We are interested in Social Network Analysis using the statistical analysis and computing platform R. The documentation for R is voluminous but typically not very good, so this entry is part of a series where we document what we learn as we explore the tool and the packages.
In our previous post on SNA we gave up on using the {statnet} package because it was not able to handle our data volumes. In this entry we have better success with the {igraph} package.
The task we are considering is still how to load the network data into the R package’s internal representation. We will assume that the raw data for our analysis is in a transactional format that is typical at least in the Telecommunications and Finance industries. In the former the terminology is Call Detail Record (CDR) and an extract may look a little like the following:
src, dest, start, duration,type,...
+447000000005,+447000000006,1238510028, 52,call,...
+447000000006,+447000000009,1238510627, 154,call,...
+447000000009,+447000000007,1238511103, 48,call,...
+447000000006,+447000000005,1238511145, 49,call,...

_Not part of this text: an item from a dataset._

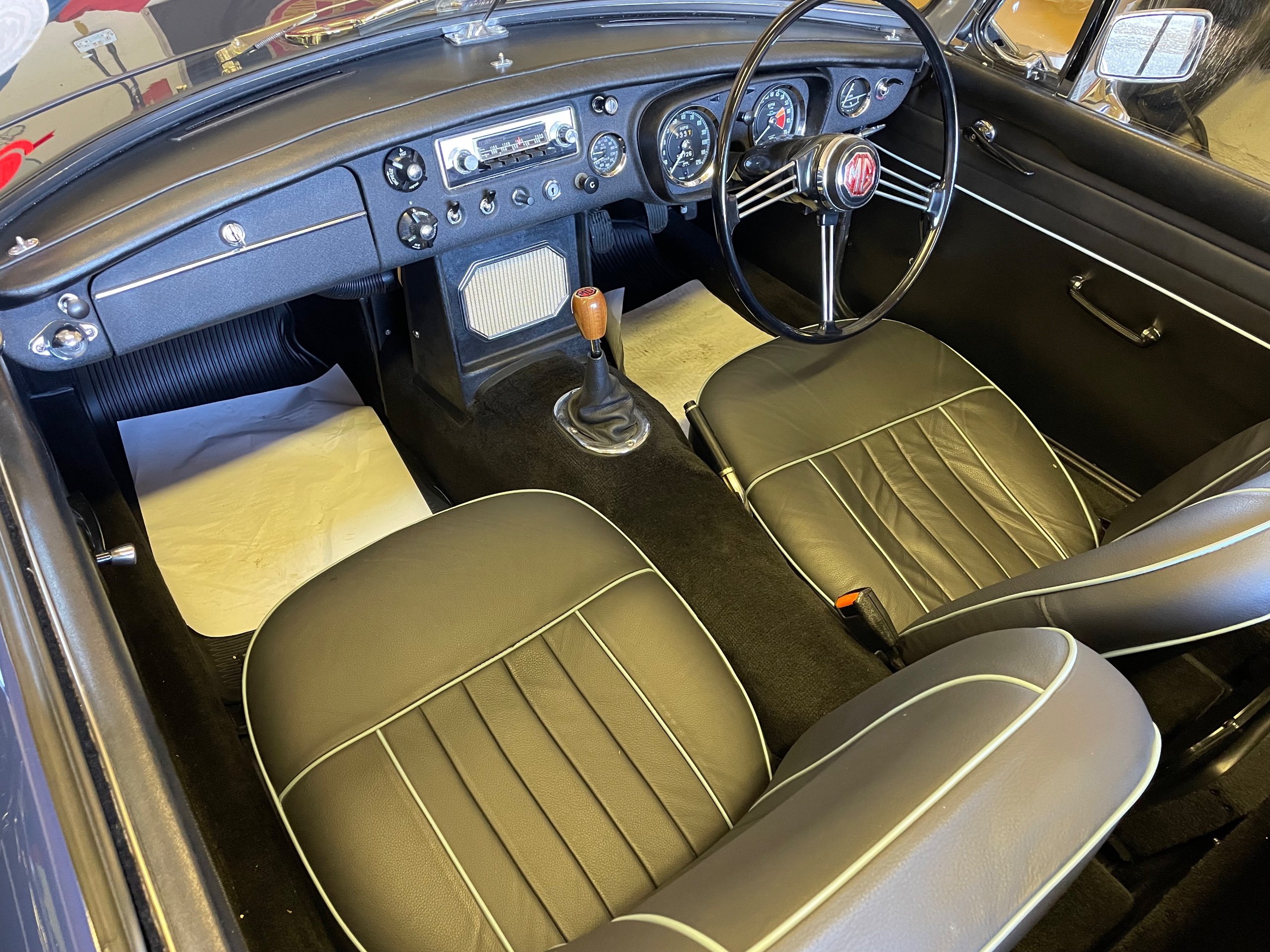 CONCOURS”67”5 SPEED GEARBOX. Fully Restored Roadster.Full Nut and Bolt Restoration starting late 2011 and finishing in 2018.Fully documented.Built to Prize Winning Concours Condition original to its 1967 early build specification 1,700 miles since,With only some 55,000 miles previously covered from New in 1967.Very Recently fitted with the fantastic upgrade Ford Type 9 Five Speed Gearbox as a recommended upgrade by MG Owners Club And Servo dual circuit Brakes ,absolutely superb to drive.Part of a private collection this beautiful example of one of the best Collectable Classic Years to own has been Built to its exacting 1967 Factory Specification to the finest quality and would cost you in a restoration to this highest of standards today double the asking price and a possible wait of over a year to have it completed.This MGB cannot be compared to the many out there on the market that are cheaper,the attention to detail is exquisite,even to the Original Rare Factory Fitted Sports Steel wheels and correct Alluminium Bonnet,in immaculate Mineral Blue Paintwork,superb Chrome throughout with beautiful Fine hide Blue leather seats and all interior completely restored.New Hood.Show Winning Engine Bay has had the Original Engine Professionally Re Built to Fast Road Unleaded Specification,Incl performance camshaft,Upgraded Correct Twin SU Carburettors,performance Manifold and Exhaust System ,Electronic Ignition,all to benefit the wonderful drive on our modern roads.The list is endless,fully documented in its huge restoration file showing almost an £18,000 spend together with CD Rom of the Build and it’s Original Passport to Service Document from its Suppling Dealer in 1967.Comes extremely well maintained and will come with a New MOT,tho it is an Historic Tax and MOT Exempt Historic Vehicle.The last MOT carried out in 2021 was totally “Advisory Free “with less than 1,000 miles covered since.If you are looking for the absolute Top Top early 1967 Spec MGB Roadster to cherish and enjoy,Built to Investment Standard then this is the one to come and see.He will be

+447000000006,+447000000005,1238511678, 12,call,...
+447000000001,+447000000006,1238511735, 147,call,...
+447000000007,+447000000009,1238511806, 26,call,...
+447000000000,+447000000008,1238511825, 19,call,...
+447000000009,+447000000008,1238511900, 28,call,...
...
Here a record indicates that the customer identified as src
called (type=call
) the customer dest
at the given time start
and the call lasted duration
seconds. In general, there will be (many) more attributes describing the transaction which are represented by the …. In a Financial Services example, the records may be money transfers between accounts.
Loading the data in the igraph package
We are able to load the previous test data with 51 million records easily:
> library("igraph")
> m <- matrix(scan(bzfile("cdr.51M.csv.bz2", open="r"),
+ what=integer(0), skip=1, sep=','),
+ ncol=4, byrow=TRUE)
205266564 items
Read > ### Vertices are numbered from zero in the igraph library
> m[,1] <- m[,1]-1; m[,2] <- m[,2]-1
> g <- graph.edgelist(m[,c(2,1)])
> E(g)$start <- as.POSIXct(m[,3], origin="1970-01-01", tz="UTC")
> E(g)$duration <- m[,4]
> ns <- neighborhood.size(g, 1)
Time to up the ante! We have a file with simulated call data records containing over 700 million entries where we suspect the algorithm used is under-estimating nodes with small connections. Let’s check on the first ½ billion records (which seems to more-or-less fit in our available memory on this workstation):
Note that the comment below that R can only handle \(2^{31} - 1\) elements in a vector is very outdated.
> library("igraph")
### Note that R can only handle 2^31-1 elements in a vector (on any
### platform, including 64-bit), so we need to read this file as a
### list.
> s <- scan("cdr.1e6x1e1.csv", what=rep(list(integer(0)),4), skip=1, sep=',', multi.line=FALSE)
700466826 records
Read > m <- as.vector(rbind(s[[2]], s[[1]]))
> print(length(m))
1] 1400933652
[> length(m) <- 1e9
> g <- graph(m, directed=TRUE)
> ns <- neighborhood.size(g, 1)
> summary(ns)
Min. 1st Qu. Median Mean 3rd Qu. Max. 1.00 35.00 40.00 42.92 47.00 101.00
> hist(ns, xlab="Neighborhood size", main="Distribution of neighborhood size",
sub="From cdr.1e6x1e1.1e9")
As we suspected, the Monte Carlo algorithm does not provide enough customers with low calling circle sizes. Fortunately it is very easy to add these separately: the hard part is modelling the larger calling circles. A mix of these two algorithms provide a reasonably good fit to actual customer behaviour. (The cut-off at 100 is a parameter to our Monte Carlo simulation program which indeed was 100 for this run.)
Problems
However, it is not all perfect. When we attempt to add the edge parameters in the obvious way it fails:
> length(s[[3]]) <- 0.5e9
> length(s[[4]]) <- 0.5e9
> E(g)$start <- s[[3]]
: cannot allocate vector of size 3.7 Gb
Error
Execution halted> E(g)$duration <- s[[4]]
So we are just at the limit. Probably 100 million records is OK in this environment. But the core igraph library is accessible from C so better performance can probably be achieved this way and certainly pointers are 8 byte structures on this machine so we should not have the silly limits that R imposes on us.